This essay has been the first essay I've read in a long time that gave me some truly novel insights and I want to thank you for it. Thank you for writing this. It brought me back to the old internet back when we could still discuss interesting ideas in depth.

I have a few random thoughts I want to share that are prompted by this article. It's a long article and my thoughts might be a little jumbled but y'all can take them or leave them as you see fit.

First, because it's freshest on my mind, a simple note about you mentioning that the arson data for San Francisco seems weird. I moved away years ago, I don't know if it's still like this. But when I lived in San Francisco it became clear to me, paying close attention to local happenings and reading between some lines, that a significant fraction of arson in San Francisco is political in nature. I'm talking things like "the fancy luxury condo development mysteriously burned down overnight" kind of things. I suspected this for a while, but became convinced during a random conversation with my at-the-time girlfriend's mom. Her mom was a radical activist from the 80s and she once flippantly said "the protestors these days have no balls. Back in the 80s, when we were fighting gentrification, we burned things down". The casual and confident way she said this made me believe that she was serious. I have no idea to what extent this would skew the arson numbers for San Francisco, but if San Francisco is an outlier relative to other cities on that metric, this might explain that

Second, speaking of ex-girlfriends' mothers, I had a different ex-girlfriend whose parents were both US Federal employees in northern Virginia. I never quite had the vocabulary to describe exactly what I thought their character flaws were, but you have hit the nail perfectly on the head with this essay. In short (and I hope this is a charitable and accurate summary of one of your points): her mother was exactly the kind of TDTPT bureaucrat who has completely and totally subjugated her personal will to the incentive framework of her superiors, and who has internalized the "de-escalate conflict over all else" framing you laid out above, including the sort of condescending pity of "they're just like that".

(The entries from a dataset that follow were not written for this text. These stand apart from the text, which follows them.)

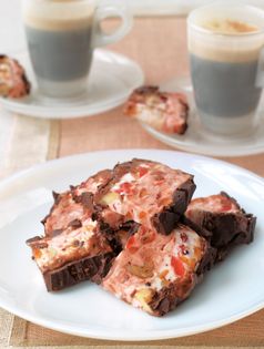 This extremely sweet dessert is best served with chilled semi-sweet white wine. It is not real nougat, but a variation on the theme. Making it takes skill and requires the use of a loaf tin or terrine, but the final result looks so spectacular that the effort is certainly worthwhile. It is important to use good-quality candied fruit. In Calabria, candied fruit nearly always includes thick pieces of the locally grown limes, oranges and tangerines, and is very special.
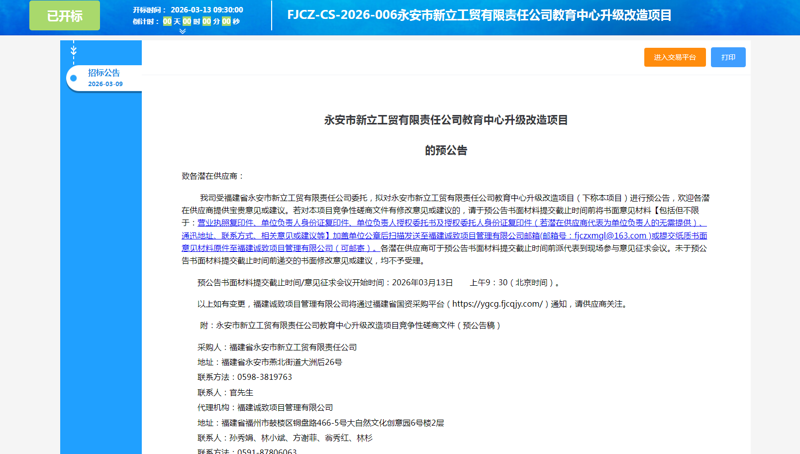 永安市新立工贸有限责任公司教育中心升级改造项目的预公告
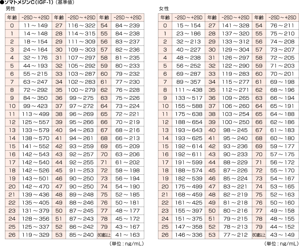 | 低値 | ■成長ホルモン分泌不全性低身長症(下垂体性小人症) ■下垂体前葉機能低下症 ■成長ホルモン単独欠損症 ■ラロン型低身長症 ■神経性食思不振症 |
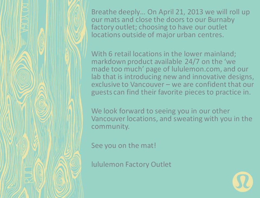 I was just informed that the Vancouver Lululemon Factory Outlet effective April 21st. I can’t say I’m terribly surprised or upset as I’ve always found the outlet to be mismanaged in terms of driving sales. In the past two years I’ve made more stops at the Burlington outlet in the US than I have to the Vancouver area outlet which is a heck of a lot closer to me (around a 2 hour drive closer!). Yet I still have never purchased anything at the Burlington outlet either. Reasons that have deterred me from shopping at the Vancouver outlet has been that I find better sales at regular stores, I mostly see large runs of damaged items or bad runs of garments marked down by a tiny amount. Seems like the last stop before the lulu graveyard most of the time. Items that are sewn incorrectly, are too sheer to go to market, have dye issues, etc. The store is tiny, has no bathrooms nearby, it’s in an industrial area going thru a lot of construction so very congested traffic and frankly, the prices have to be killer for me to forego the two week return policy.
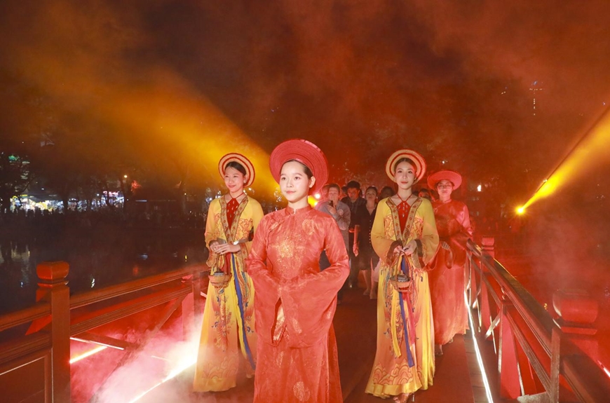| Tour đêm "Ngọc Sơn - Đêm huyền bí" kể câu chuyện lịch sử thông qua nghệ thuật đương đại. Ảnh: KHÁNH HÒA |

This is something that I have struggled to understand for a long time. Like, I can fully and totally understand the priority placed on non-violent de-escalation, walking away from conflicts, etc. As a very non-aggressive man, that is what I usually do, and it makes sense to me. But what I have never been able to understand or make my peace with, is why a pass is given to some people to break these norms. Why it seems, for instance, that the property criminals in San Francisco can get away with break-ins, muggings, and thefts, and the people like my ex's mom will blame the victim for not securing their car, but if _I_ were to break in and mug them, they'd use the full weight of the state's violence to destroy my life without a second thought.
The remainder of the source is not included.